Jornal Correio Braziliense

Opinião

No limite da irresponsabilidade

Ainda causa espanto o projeto de lei entregue pelo presidente da República na Câmara dos Deputados que propõe a flexibilização do Código de Trânsito Brasileiro. Em outras palavras, o chefe do Executivo quer premiar os maus motoristas, em especial aqueles que desrespeitam as normas de trânsito, expondo a risco de morte os demais condutores, pedestres e ciclistas.

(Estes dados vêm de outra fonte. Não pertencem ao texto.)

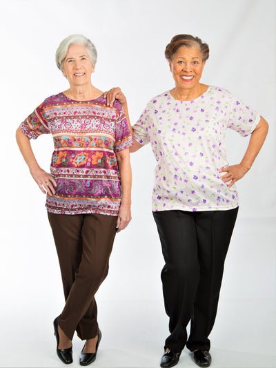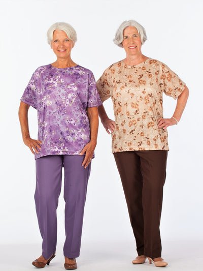 This lightweight outfit looks great for any occasion. Elastic waist gabardine slacks coordinate with a printed short sleeve top that is tough in the wash yet “silky” on the skin. It’s even wrinkle-resistant!
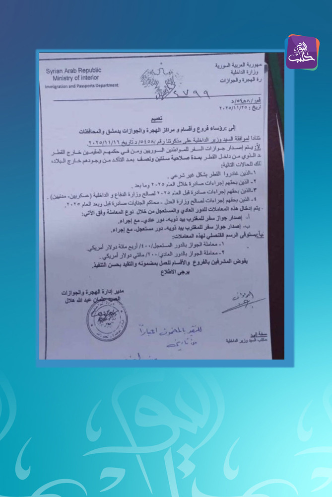 تحت جنح الظلام، وبغياب أي إعلان رسمي حتى الآن، قامت إدارة الهجرة والجوازات بإصدار تعميم ينص على تقليص مدة جواز السفر من ست سنوات إلى سنتين ونصف، كما كان الوضع قبل سقوط نظام الأسد، وذلك لفئات معينة من السوريين المغتربين.
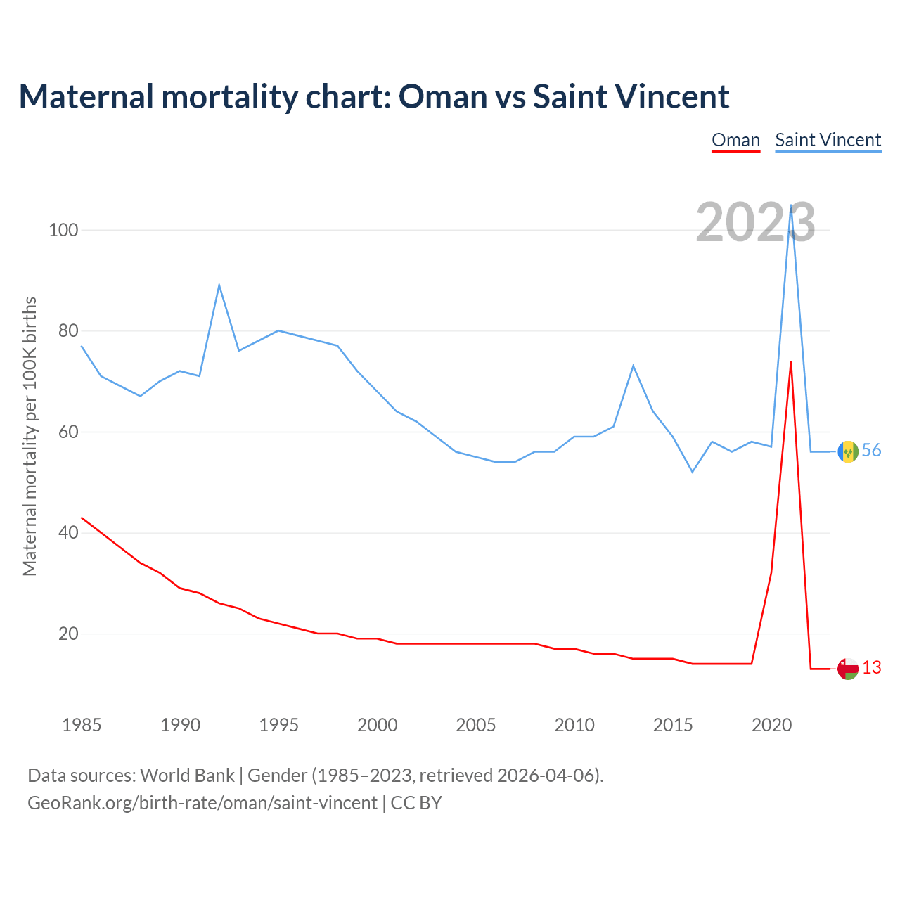 The maternal mortality rate, which is the probability of dying during childbirth or within 42 days of pregnancy termination, is 13 deaths per 100,000 live births in Oman, compared to 56 deaths in Saint Vincent.
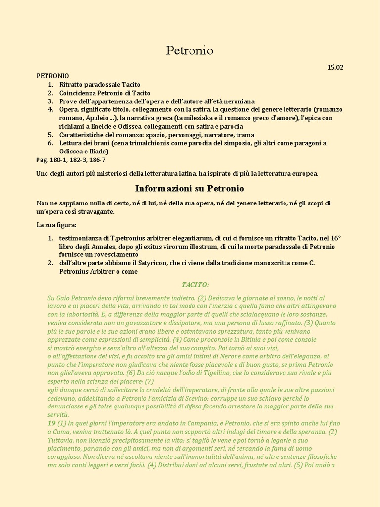 1. testimonianza di [Link] arbitrer elegantiarum, di cui ci fornisce un ritratto Tacito, nel 16°
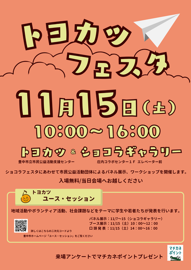 内容:「 市民公益活動団体情報」に掲載の市民公益活動団体による、ワークショップとポスター展示を行います。トヨカツフェスタはショコラフェスタ、 トヨカツ・ユース・セッション2025と同日開催です。両イベントにもぜひお越しください。
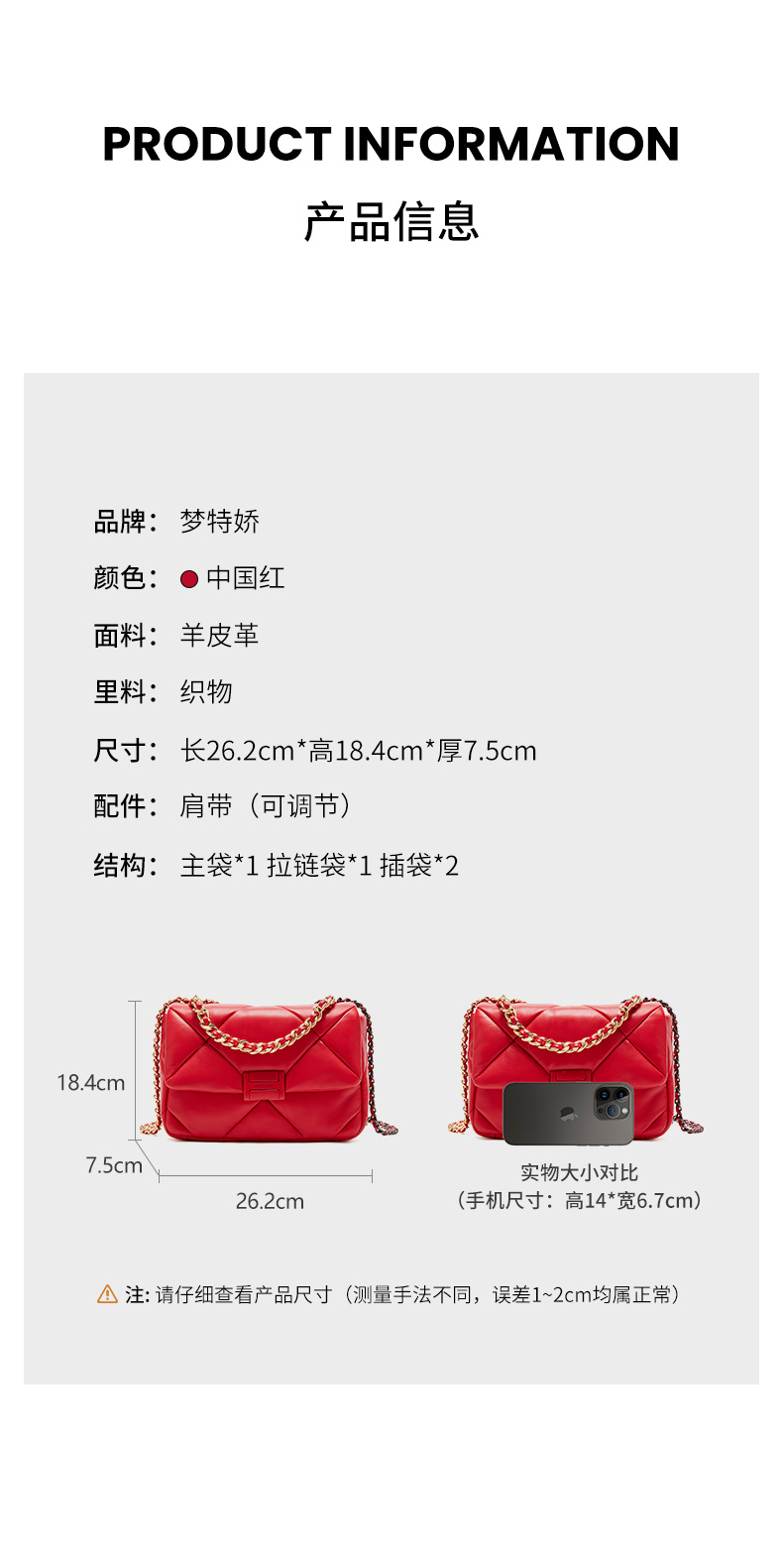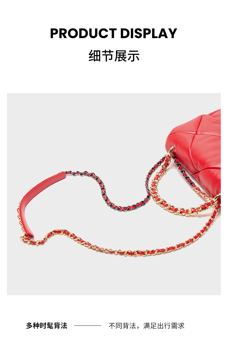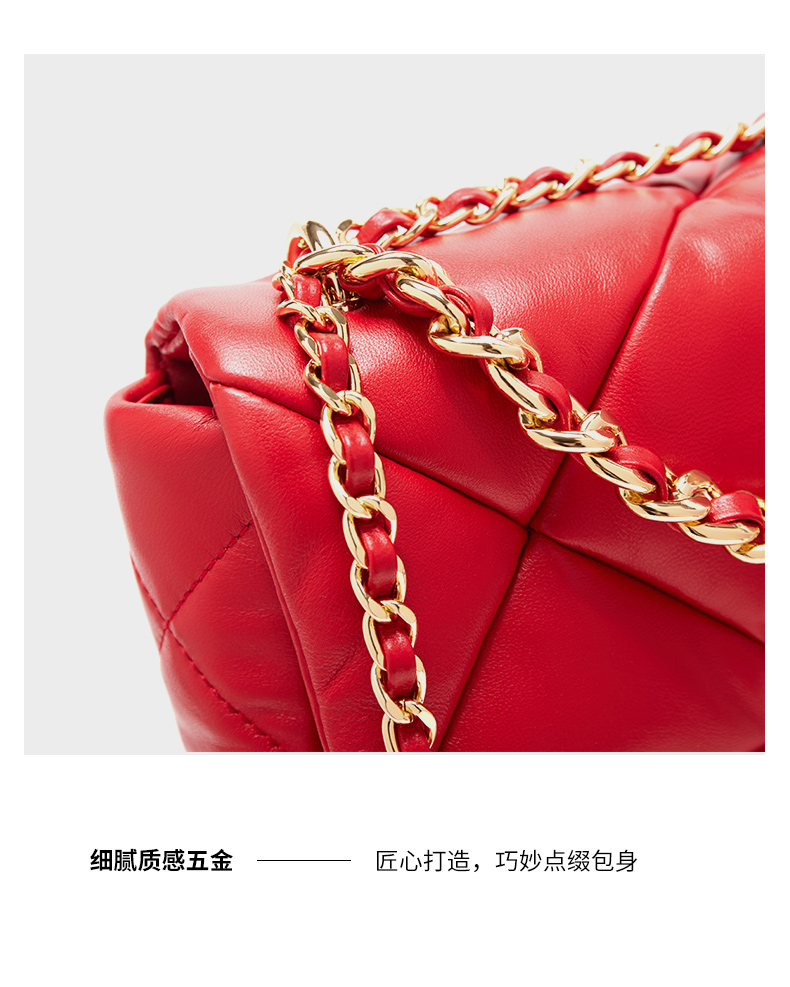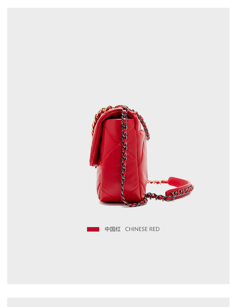 【蛇年中国红礼品系列】梦特娇时髦大菱格渐变链条斜挎包

O argumento principal é ;acabar com a indústria das multas;, o que é um erro. Não existe uma indústria da multa no país. O que existem são condutores infratores que se julgam acima do bem e do mal. Quer acabar com as multas? Conclamemos todos os brasileiros a respeitar as leis de trânsito e, de quebra, viramos exemplo para o mundo em civilidade e segurança viária.

De todas as mudanças ali contidas, vou me atentar a dois pontos que considero uma monstruosidade: o fim da punição para quem transporta crianças sem cadeirinha e o fim da exigência de exame toxicológico para motoristas profissionais.

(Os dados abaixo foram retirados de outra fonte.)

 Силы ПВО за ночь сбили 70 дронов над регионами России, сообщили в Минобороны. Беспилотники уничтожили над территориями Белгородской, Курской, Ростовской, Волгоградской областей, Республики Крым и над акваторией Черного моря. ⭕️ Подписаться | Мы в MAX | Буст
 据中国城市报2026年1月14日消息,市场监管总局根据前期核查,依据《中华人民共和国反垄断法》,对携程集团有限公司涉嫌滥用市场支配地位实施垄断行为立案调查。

Começo com um caso concreto. Há pouco mais de uma semana, o Corpo de Bombeiros do Distrito Federal socorreu uma família vítima de acidente de trânsito no DF. Com o impacto, a cadeirinha na qual a criança era transportada, como prevê a atual legislação, ficou presa às ferragens. Veja a diferença: a cadeirinha, não o corpo da criança. Ela teve ferimentos, mas sobreviveu e não foi a única a ser salva pelo dispositivo.

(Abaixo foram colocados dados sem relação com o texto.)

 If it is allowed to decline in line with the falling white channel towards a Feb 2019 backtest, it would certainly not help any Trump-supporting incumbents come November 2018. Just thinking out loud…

Em 2017, um ano antes da lei da cadeirinha entrar em vigor, 17 crianças com até 9 anos morreram em acidentes de trânsito no DF. No ano seguinte, com a exigência valendo, esse número caiu para 13 e a redução não foi pontual. A análise histórica reforça que as crianças estão mais seguras quando circulam em tais dispositivos de segurança.

No DF, a média anual de mortes nos oito anos anteriores à lei da cadeirinha (2000 a 2007) foi de 21 óbitos e, nos oito anos seguintes (2008 a 2015), 13 casos/ano. As estatísticas revelam ainda que nos últimos três anos, os dados são ainda menores: 2016, 2017 e 2018 registraram o menor número de mortes de crianças dos últimos 18 anos: foram 10, cinco e três óbitos, respectivamente.

A mudança proposta pelo chefe do Executivo é outro retrocesso no longo caminho que o Brasil tenta trilhar para reduzir a epidemia das mortes no trânsito. O governo federal considera desnecessário o exame toxicológico para motoristas profissionais e, com isso, pode abrir um precedente para derrubar a Lei Seca. Se isso passar, juntamente com o fim das barreiras eletrônicas e pardais, mais gente vai morrer no país!

O projeto do Executivo é um equívoco do princípio ao fim. Diante de tal absurdo, caberá ao Congresso Nacional a missão de impedir o retrocesso que ele representa para os que lutam para preservar vidas. Espera-se que deputados e senadores tenham o bom senso e levem em consideração as pesquisas nacionais e internacionais sobre as causas mais recorrentes de morte no trânsito no Brasil e no mundo. E arquivem essa proposta sob o risco de terem em suas mãos o sangue de centenas e centenas de brasileiros.